Now that Musk says he’s terminating the deal, the calculus may be changing for the banks who agreed to lend to him.
“Musk doesn’t want to own Twitter, the banks don’t want to fund it. We’re in this weird ‘Alice in Wonderland’ situation trying to force this guy to buy a company he doesn’t want to buy,” said M. Todd Henderson, a professor at the University of Chicago Law School. “Would you want to fund a guy to own a company that he doesn’t want to own?”
Q: Why haven’t the banks tried to bail already?
A: The banks are only on the hook to fund the deal if it closes, and many people don’t believe Twitter will be successful in getting a court to force Musk’s hand. A more likely outcome is that the judge in Delaware Chancery Court, where the trial will take place, will force a compromise, making Musk pay Twitter a hefty fee for putting it through so much trouble, but letting him walk away in the end, said Carl Tobias, a law professor at the University of Richmond.
In that case, the banks will still get a small fee from Musk for doing the work and they no longer have to lend him anything.
There’s another reason they might be sticking with Musk for now – they want to stay in his good books, and arguing that he’s acting in bad faith might jeopardize that. Musk is still the world’s wealthiest man and will have a lot of need for debt financing in the future regardless of how the Twitter situation ends, Tobias said. “You want to keep his business if you’re a bank, because I think it’s pretty lucrative,” he said.
Q: If the banks do find a way to pull out, does that give Musk an out?
A: No, Musk’s agreement with Twitter has a clause that requires him to go through with the deal even if his debt financing becomes unavailable.
“Him canceling the deal might itself be some sort of breach, but Twitter’s going to say that’s your fault not ours,” Anthony Casey, a law expert at the University of Chicago.
In that case, Musk would have to pay the cash part of the deal to Twitter’s investors, and then Twitter itself (now owned by him) would take on the debt itself to finish paying the old shareholders, according to Henderson.
Musk could also go to court to force the banks to honor their agreement and loan him the money. If he didn’t want to do that, the court could even appoint a special representative to act in his stead and sue the banks, Henderson said.

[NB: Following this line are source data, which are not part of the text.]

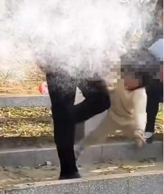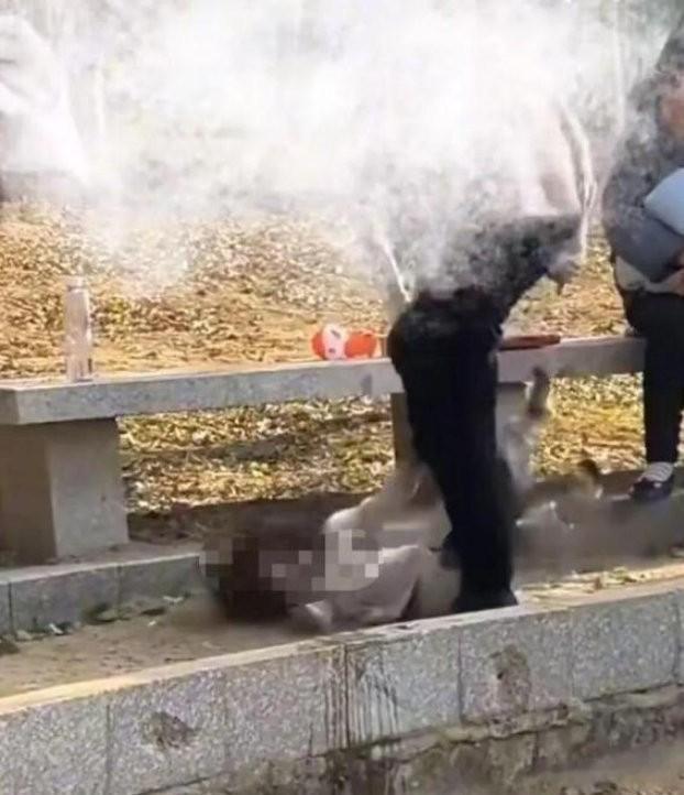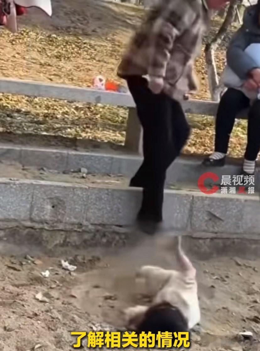 之后又把小女孩给摔倒在路边的草地上,此时小女孩已经疼的哇哇大哭,然而这并未让老太太有所收敛,而是继续对着小女孩的身体、展开猛踹……
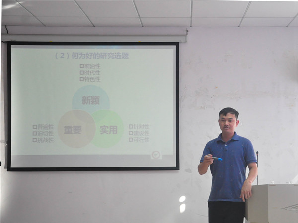 随后,为了提升教师们管理学术研究的水平,李云健分享了他对如何做好管理学术研究的一些看法。他说道,“一篇好的学术研究,首先要做好研究选题或论文选题,一个好的题目,能让别人很清晰地明白你的研究项目。他提到,一篇好的学术研究在做好研究选题或论文选题的前提下,还要注意文献述评、研究问题与研究内容等多方面问题。因此,做好学术研究,不仅要注意规范性,更要创新。”
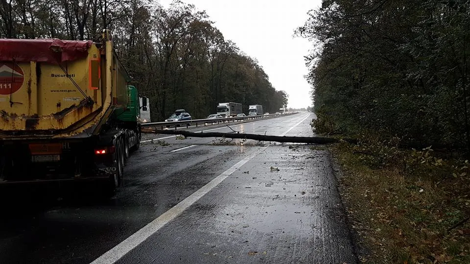 Furtuna face ravagii în Cluj! Un copac a fost doborât de vijelie pe carosabil. Pompierii clujeni intervin de urgență / S-a emis o avertizare RO-ALERT
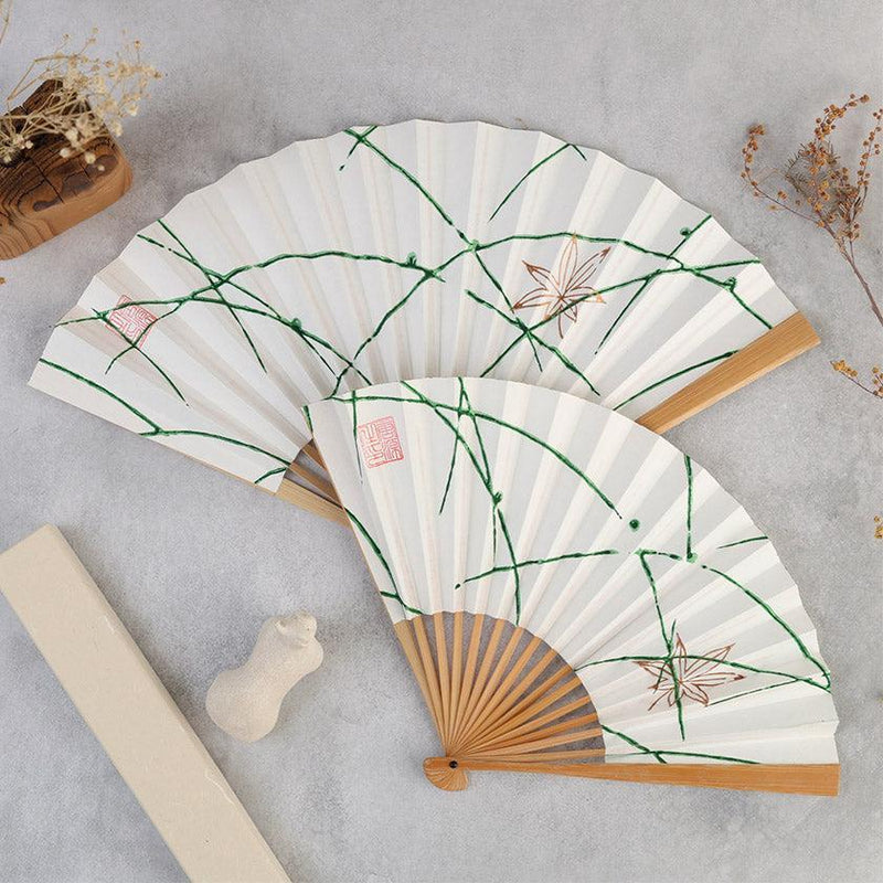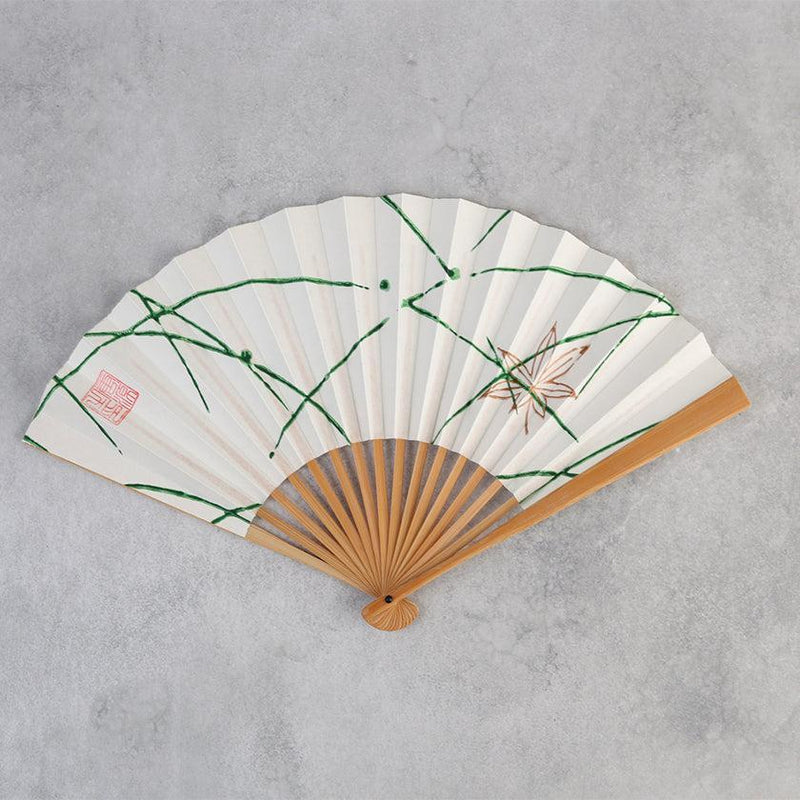 A fan with dayflower and maple patterns, wishing for prosperity and good fortune!

Q: Has this happened before?
A: If Musk’s debt arrangements do become a factor in a potential settlement or trial, it wouldn’t be the first time financing became a factor in a court case over a merger agreement. Last year, Delaware Chancery Court Judge Kathaleen McCormick, who experts expect will preside over the Twitter case, oversaw a court case featuring a private equity firm that tried to pull out of an agreement to buy cake-decorating supply company DecoPac by blaming the economic downturn brought on by the pandemic. McCormick said the private equity firm acquiring DecoPac had to move forward, even though they no longer had the original financing to complete the deal.
“When they see bad faith behavior, they tend to not like it,” Badawi, the Berkeley law professor, said of the Delaware court and its judges. “They tend to punish it.”
Q: Why does Twitter want the deal to go through at this point?
A: The Twitter board’s main role is to serve its shareholders – the banks, pension funds, hedge funds and individuals who own its stock. Right now, Twitter shares are trading at around $36, a lot less than the $54 a share Musk has agreed pay those shareholders to buy the company. If Twitter’s board were to let Musk walk away, it would be leaving a significant amount of money on the table, and could expose them to shareholder lawsuits.
The entire episode has done significant damage to the company’s reputation and workplace morale, with Musk’s attacks inflaming existing concerns about its business. It’s likely the company’s stock price will drop even further if Musk walks away completely.